In between I also work on other jobs, so I’m not losing money. But there are similar jobs on other days, and it can get very confusing. The point is this: it is hard to keep track sometimes when you’re working, and supposed to be logged in, and when things overlap, and how to prioritise, if you measure these periods in terms of Earth time.

So anyway, this is why the suggestion is, going forward, to change Earth over to Galactic Time. We drop our years, months, days, hours, minutes, etc., and stick with the standard of galactic time. This would certainly make my job easier. Numpty is a particularly successful world in the Sagitarrian Union. Its day cycle just so happens to be a multiple of a particular unit of galactic time, the wark. One Numpty day = 14 warks (which makes a wark… something Earth days).

Of course, scientific instruments are already set to Galactic Time. When humans go to college, they are taught the system, and so can easily translate from Earth time to Galactic Time. But many administrations find the translation tedious, and after a generation or so of this, would now like to just use one or the other for everything. So, they want us to use Galactic Time. For obvious reasons – it makes work easier.

Measuring Human Experience of Galactic Duration

I’m a little wary though. My brother is a homo-cognitivist (as opposed to, e.g., a pan-cognitivist, or a numpty-cognitivist, or a squint phenomenologist). He studies the human experience of time. And he studies, in particular, how to manipulate the human experience of time. He is interested, he says, in temporal illusions — in particular, distortions in the experience of duration. He is interested in ways in which our experience of duration is mistaken.

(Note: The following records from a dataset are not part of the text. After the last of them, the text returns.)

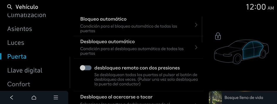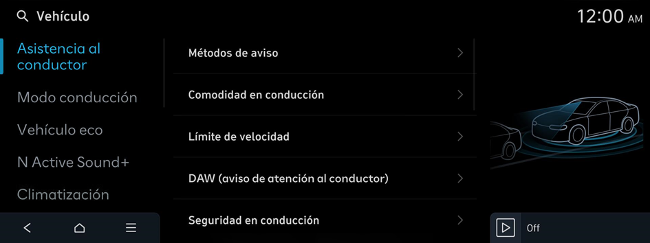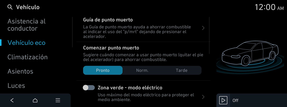 - Los ajustes disponibles pueden variar en función del modelo y las especificaciones del vehículo. Consulte el manual del propietario del coche para obtener más información sobre las funciones.
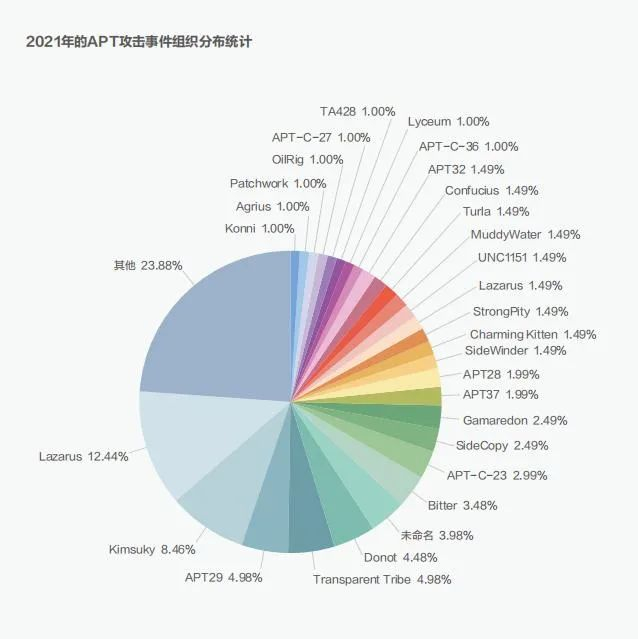 Lazarus组织是2021年全球APT攻击数量最多的APT组织。根据安恒信息发布的《2021高级威胁态势研究报告》,Lazarus组织、Kimsuky组织以及APT29组织的攻击数量位列前三,这几个组织的攻击受地缘政治因素影响,体现出高度针对性和复杂性。
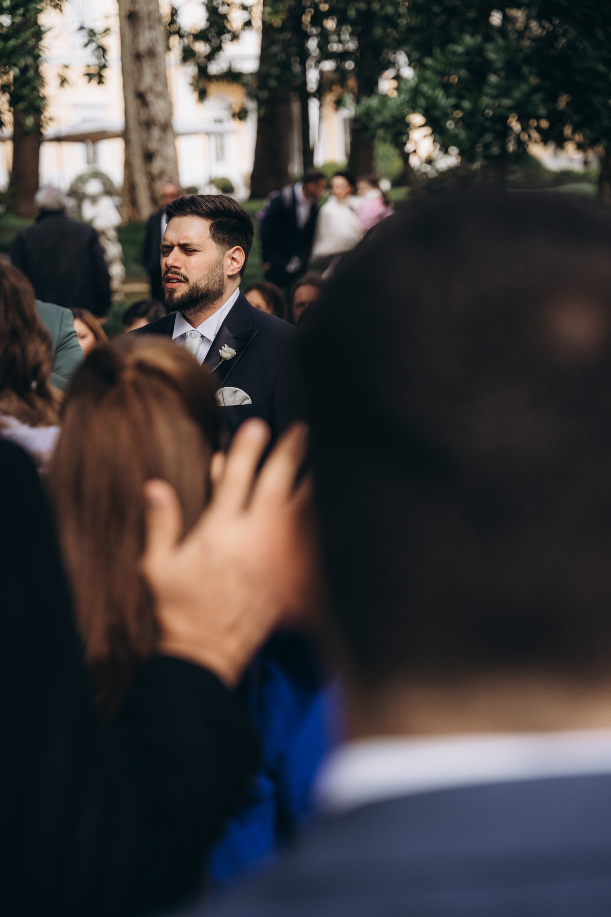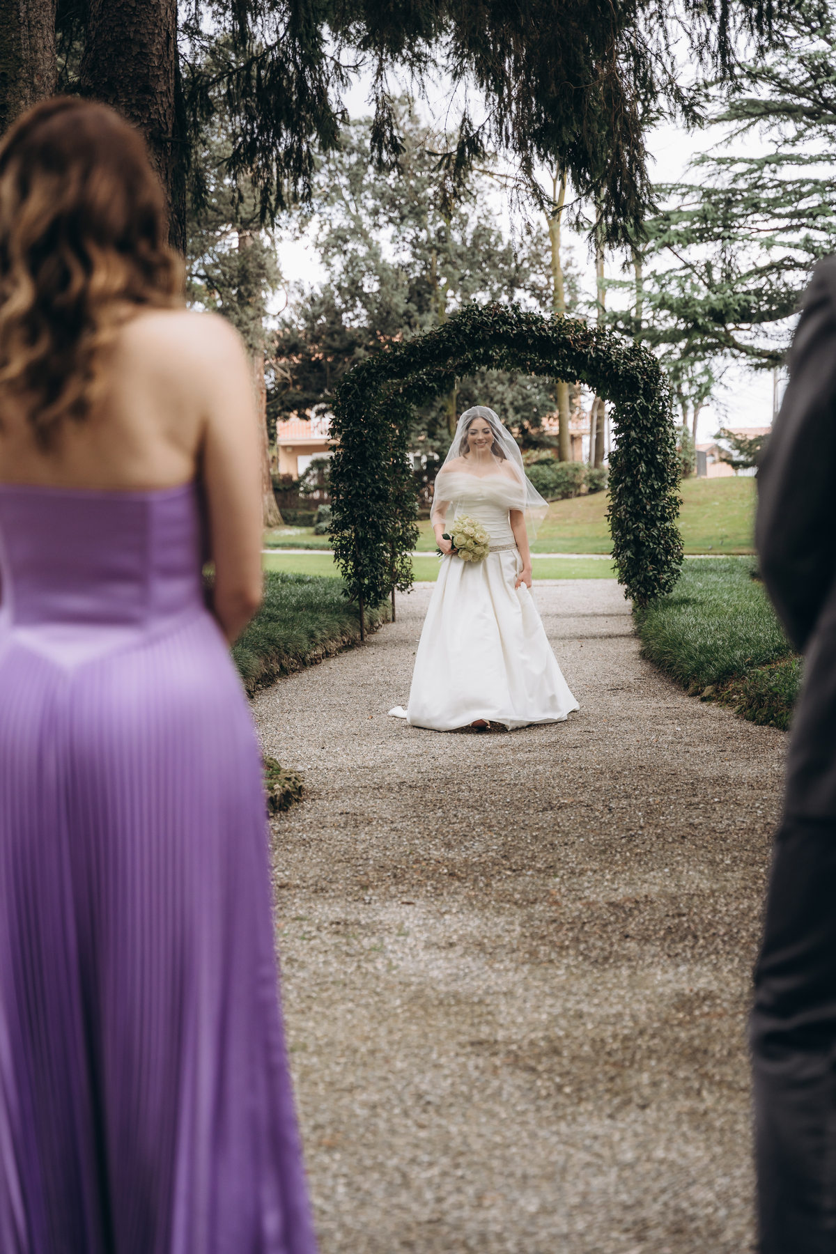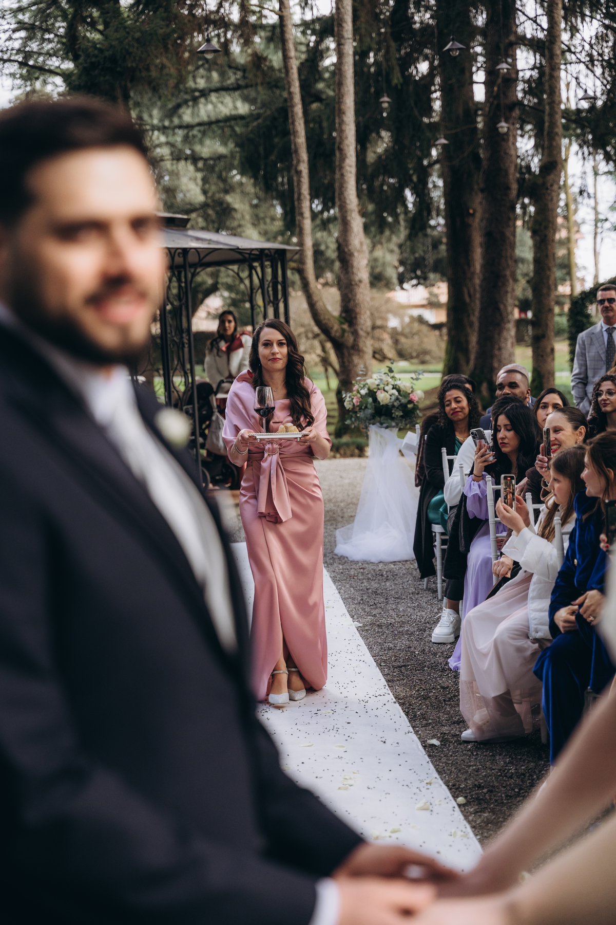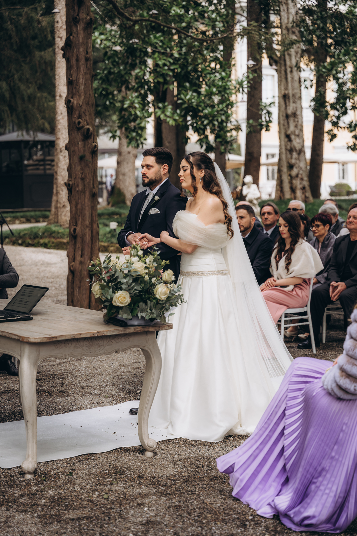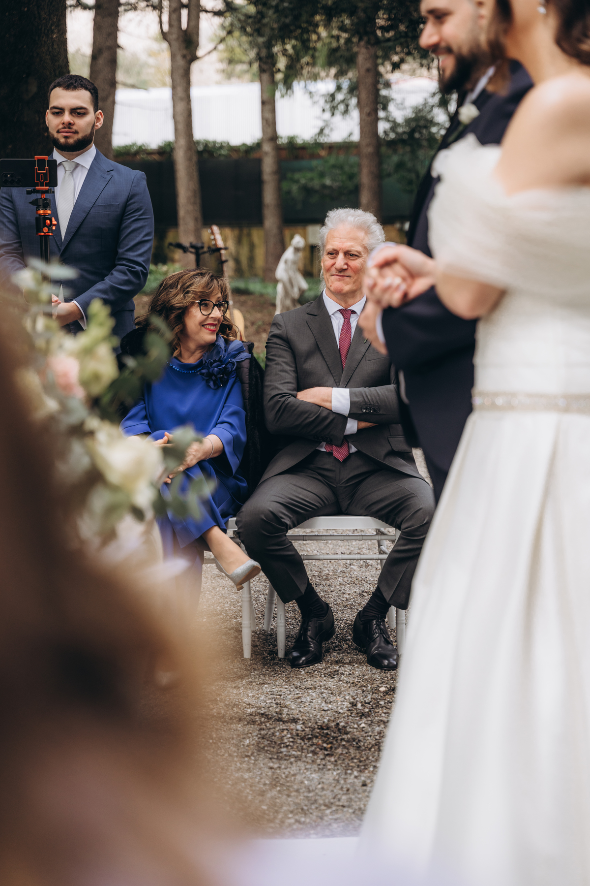 La cerimonia si è svolta in un luogo incantevole, all’aperto, circondato da alberi secolari e con una bellissima villa sullo sfondo, che sembrava fatta apposta per un momento così speciale. È stato un matrimonio autentico, emozionante e pieno di bellezza naturale — di quelli che ti fanno sospirare a ogni scatto.

He uses Galactic Time (GT) to measure it. He asks people to do the following: given different stimuli, and contexts, to say how long some experienced events, or sequences of events, feel expressed in GT. Then he compares this evaluation with the actual time it takes (in GT),  This gives him an idea of what he calls the distortion or error in the experience of duration under different circumstances.

I think my brother has gone profoundly wrong. His talk of distortion and deviation suggests this: if people’s reports of their experience of time in units of GT diverges from some GT clock, then what they use for their reports has gone wrong. That is, whatever they are using to judge the length of time which has passed in GT terms, it diverges from the GT clock. And this divergence is due to a mistake in their experience of time. It is a distortion in time perception, an illusion of duration.

But it isn’t. Whatever it is that we might be using from our experience of time to judge how long something takes, it is not a GT clock. It’s unlikely that we have anything like a GT clock inside us. Even if we had some kind of clock, it would be strange if it turned out to be designed to calibrate with the Galactic Time. It is something evolved, something that came before Galactic Clocks, clocks which we accept now due to the convenience of trade.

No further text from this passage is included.